Ulasan ini mencoba mengekspos Khilafiyah (perbedaan pendapat) antara dua orang tokoh penting dari firqoh wahabiyah yaitu : “Syaihul Islam” Ibnu Taimiyah dan “Imamul Muhadditsin” Nashiruddin Al Albani. Khilafiyah pertama menyangkut Masalah Ushul (aqidah) yang konsekwensi logisnya bisa mengakibatkan salah satunya jatuh dalam kekufuran atau minimal bid’ah. Adapun khilafiyah kedua menyangkut Furu’iyah (fiqhiyah) yang konsekwensinya menurut kaca mata wahabi, salah satunya bisa jatuh dalam vonis bid’ah.

ANTARA IBNU TAIMIYAH DAN NASHIRUDDIN AL ALBANI, ANDA PILIH SIAPA?

DALAM MASALAH AKIDAH (1)

1. QIDAMUL ALAM atau AL HAWADIST LA AWWALA LAHA; Qidam adalah ungkapan dari tidak adanya permulaan bagi sesuatu.Yang bersifat qidam dinamakan Al Qodim atau Dzat yang tidak mempunyai permulaan. Lawan qidam adalah Hudust (baru, ada dari ketiadaan) dan yang mempunyai sifat hudust di sebut Al Hadist (sesuatu yang ada dari ketiadaan). Ulama Ahlus Sunnah Wal Jamaah Al Asya’iroh berpendapat bahwa qidam secara mutlak hanya disifatkan kepada Allah SWT dan Hudust disifatkan kepada Alam atau mahluk.
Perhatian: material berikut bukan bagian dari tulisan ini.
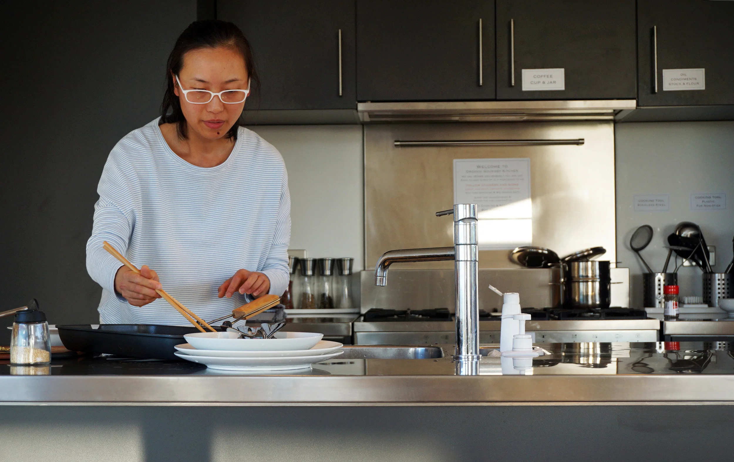 Na profilu Airbnb Sihao zaciekawiła mnie możliwość zamówienia kolacji wegańskiej, którą sama przygotowuje z najlepszych produktów. Oczywiście od razu z tej możliwości skorzystałam, będąc pierwszą, na pewno nie ostatnią z jej gości. Decyzja była trafna, zostałam obdarzona pysznymi dziełami sztuki, perfekcyjnymi pod względem kompozycji, doboru kolorów i smaków. Miałam szczęście dzielić z Sihao nie tylko wspaniały posiłek ale również prowadzić głębokie rozmowy o sensie życia i filozofii buddyjskiej. To była czysta przyjemność przebywać z osobą, której własne wnętrze jest nie mniej harmonijne niż to w którym mieszka.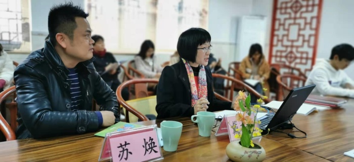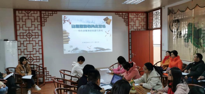 之后,新圩小學(xué)的朱華春副校長結(jié)合當(dāng)前背景下班級特色建設(shè)問題進行了深入剖析,就“如何創(chuàng)建有特色的班集體”,解讀了班級特色創(chuàng)建的理念、思想、途徑和方式。從班級管理到班級建設(shè)的觀念轉(zhuǎn)變呼吁全體班主任要提升專業(yè)性發(fā)展能力,主動建設(shè)班級,以班級文化引領(lǐng)班級發(fā)展,最后還為班主任進行特色班級建設(shè)提供了各種思路,比如:經(jīng)典引路、童話引路、寓言引路、讓美文為青春導(dǎo)航目和吟誦美文等。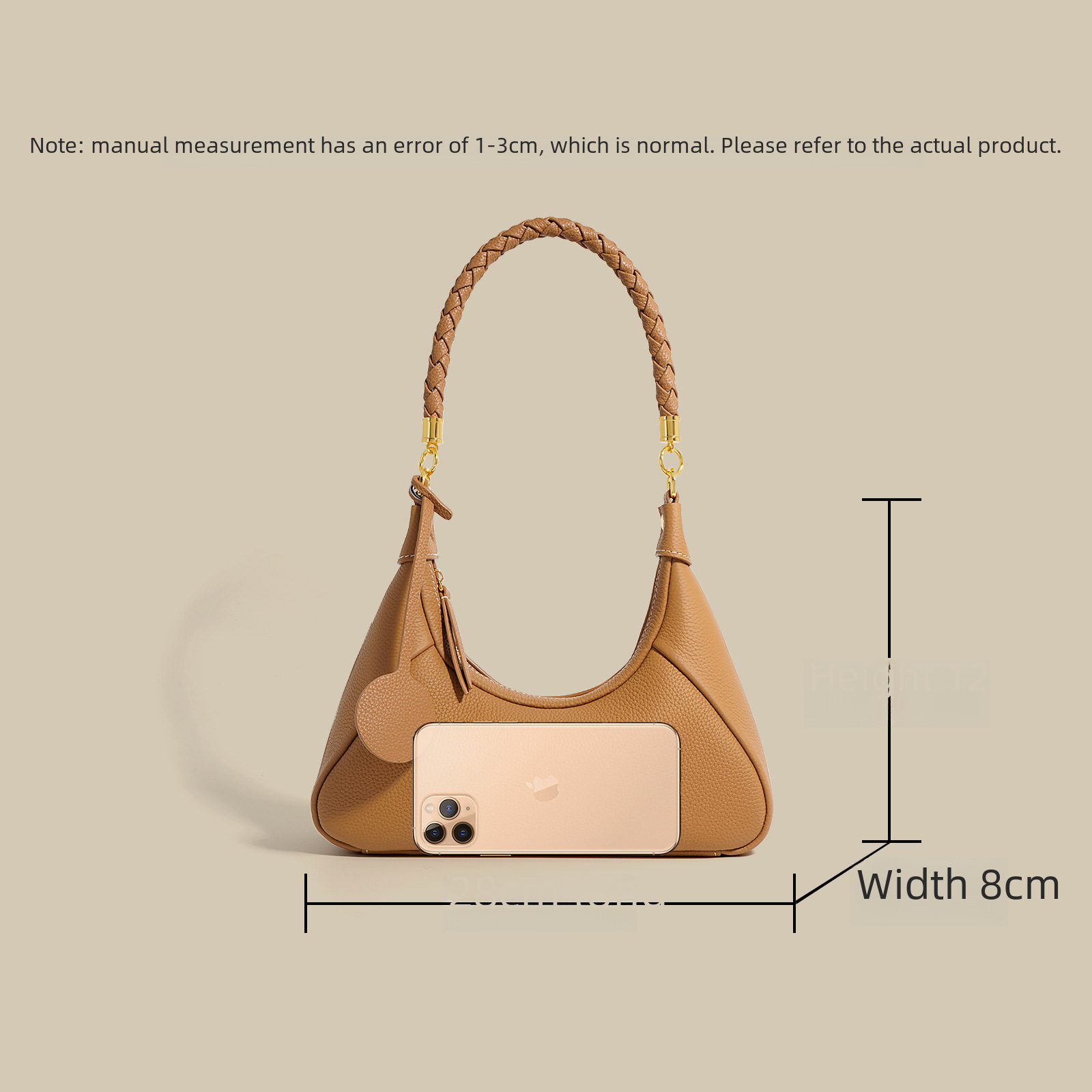 Sleek and functional, this genuine leather baguette bag features a compact design and versatile styling. Perfect for casual outings or daily errands.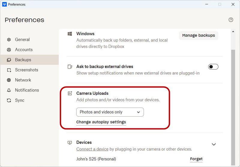 Here's how the Dropbox is configured on the S25. I've basically turned on everything.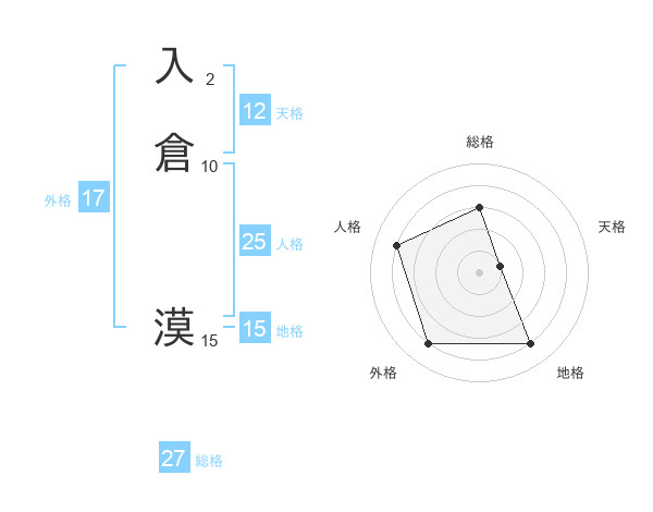 入倉 漠さんの総格は27画の3点!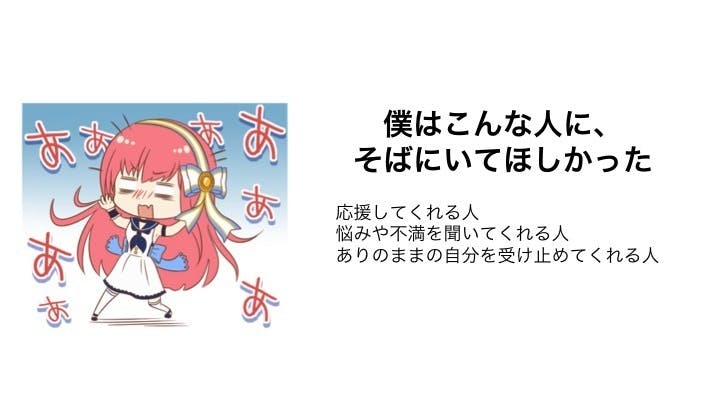 僕は、応援してくれる人が欲しかった。悩みや不満を聞いてくれる人が欲しかった。ありのままの自分を受け止めてくれる人が欲しかった。周囲に相談してもバカにされるだけだったから弱音を吐けなかった。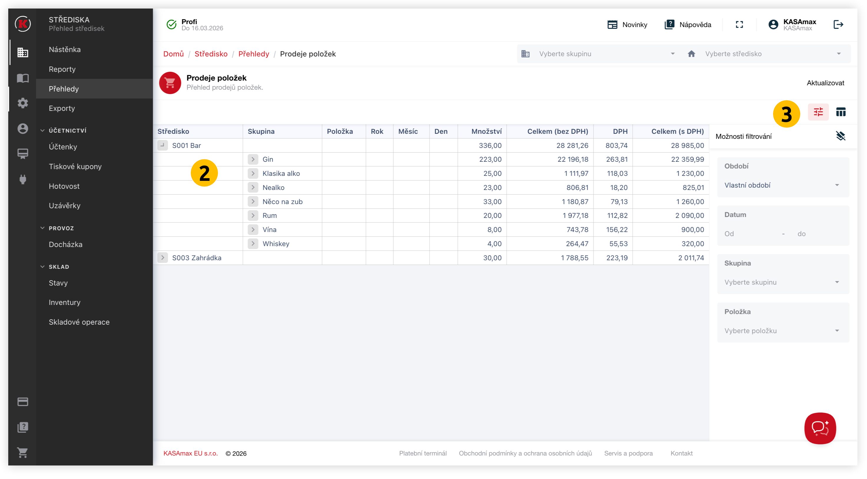 Nad přehledem Prodejů položek lze data omezit pomocí filtrů:
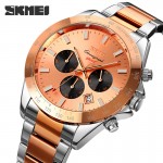 Годинники Skmei 9259RGRG в кольорі рожевого золота поєднують в собі елегантний дизайн та сучасні технології. З водонепроникністю до 30 метрів, вони підходять для повсякденного використання. Корпус виготовлений із цинкового сплаву, а ремінець - з нержавіючої сталі, що забезпечує тривалу експлуатацію.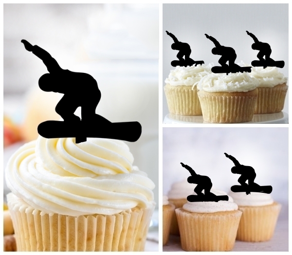 Snowboard Snowboarding Cupcake 10 Toppers Laser Cut Acrylic for Wedding Birthday Baby Shower Bachelorette Engagement Party Decor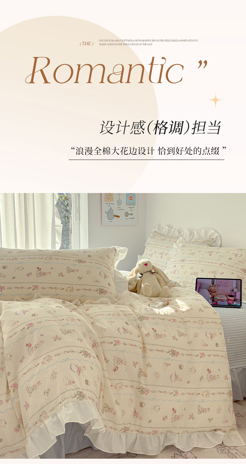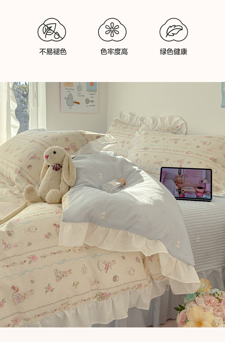 当前位置: 91家纺网 > 商品网购 > 床品套件 > 四件套 > 全棉普通四件套 > 女子家纺 2026新款全棉纯棉绗缝花边床盖四件套 幸福小兔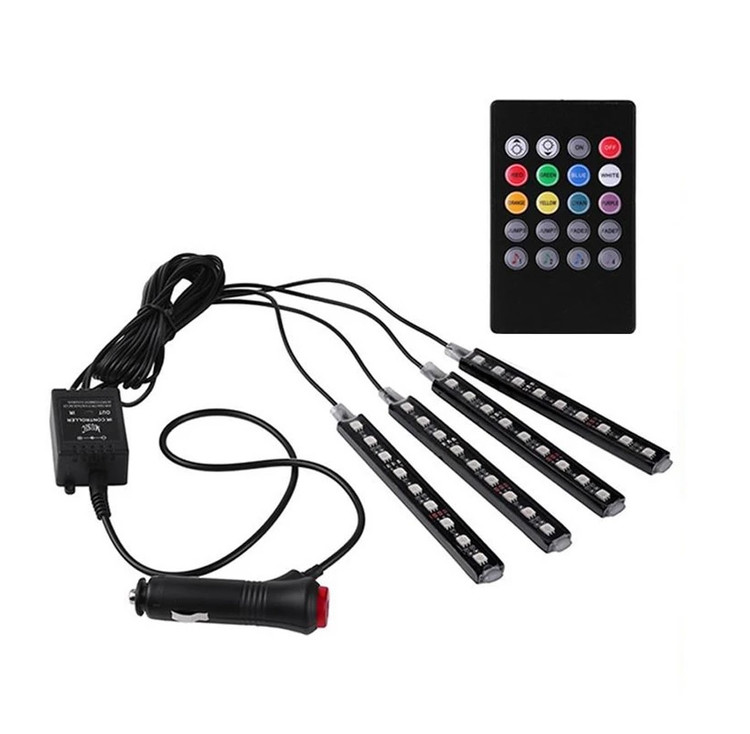 ولتاژ:۱۲ ولت - 8 رنگ مختلف .طول هر الایدی ۱۲ سانتیمتر - قابل نصب در زیر داشبورد و زیر صندلیهای جلو -دارای سنسور صدا که با شنیدن صدای پخش خودرو باعث ایجاد افکت میشود - دارای فندکی جهت اتصال برق خودرو به محصول - دارای ریموت کنترل جهت تغییر رنگهای LED RGB و تغیر افکتها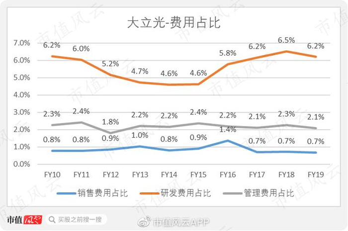 与大立光的费用占比做一个简单的对比。2019年大立光的研发费用占比和销售费用占比分别为6.2%和0.7%。

Salah seorang tokoh Asyairoh, As-Syahrastani dalam kitab Nihayatul Iqdam (1/1 : Maktabah Syamilah) mengatakan : مذهب أهل الحق من أهل الملل كلها أن العالم محدث ومخلوق أحدثه الباري تعالى وأبدعه وكان الله تعالى ولم يكن معه شيء “Madzhab Ahlul Haq dari ahli pelbagai agama SEMUANYA adalah sesungguhnya alam di ”ada”kan (Muhdast/Hadist) dan diciptakan. Allah mengadakannya dan menciptakannya dari ketiadaan.. Allah telah ada tanpa ada sesuatupun (selain-Nya) yang menyertai-Nya”. Perhatikan kata SEMUANYA diatas yang ditulis dengan huruf balok!!! Dari sini bisa disimpulkan bahwa Hadist/barunya mahluk merupakan Ijma’ bukan hanya Ijma’ Ulama Islam tapi juga Ijma’ dari pakar-pakar agama selain Islam.

Nah, sekarang bagaimanakah pendapat Ibnu Taimiyah dan Al Albani dalam persoalan ini? Ibnu Taimiyah sebagaimana diungkapkan oleh para ulama berdasarkan literatur teks pada kitab-kitabnya berpendapat adanya “al Hawadist La Awwala Laha” atau Mahluk-mahluk yang tidak mempunnyai permulaan. Dalam kitabnya Muwafaqotu shohihi manqulihi li shorihi ma’qulihi (2/75) dia berkata, واما اكثر اهل الحديث ومن وافقهم فانهم لا يجعلون النوع حادثا بل قديما “Adapun kebanyakan Ahli Hadist dan orang yang sependapat dengan mereka, maka sesungguhnya mereka tidak mengkategorikan NAU’ (jenis, alam) sebagai sesuatu yang baru tapi Qodim”.

Dari statemen ibnu taimiyah ini, Nampak seperti biasanya dia mengKLAIM bahwa mayoritas Ahlul Hadis berpendapat seperti pendapatnya bahwa alam adalah qodim. Pertanyaannya, “siapakah yang dimaksud oleh ibnu taimiyah dengan “Aktsaru Ahlil Hadist” tersebut? Siapa dan di kitab apa, mereka mengatakan adanya alam yang qodim? Apakah ini bukan kebohongan publik dan fitnah terhadap Ahlul Hadist?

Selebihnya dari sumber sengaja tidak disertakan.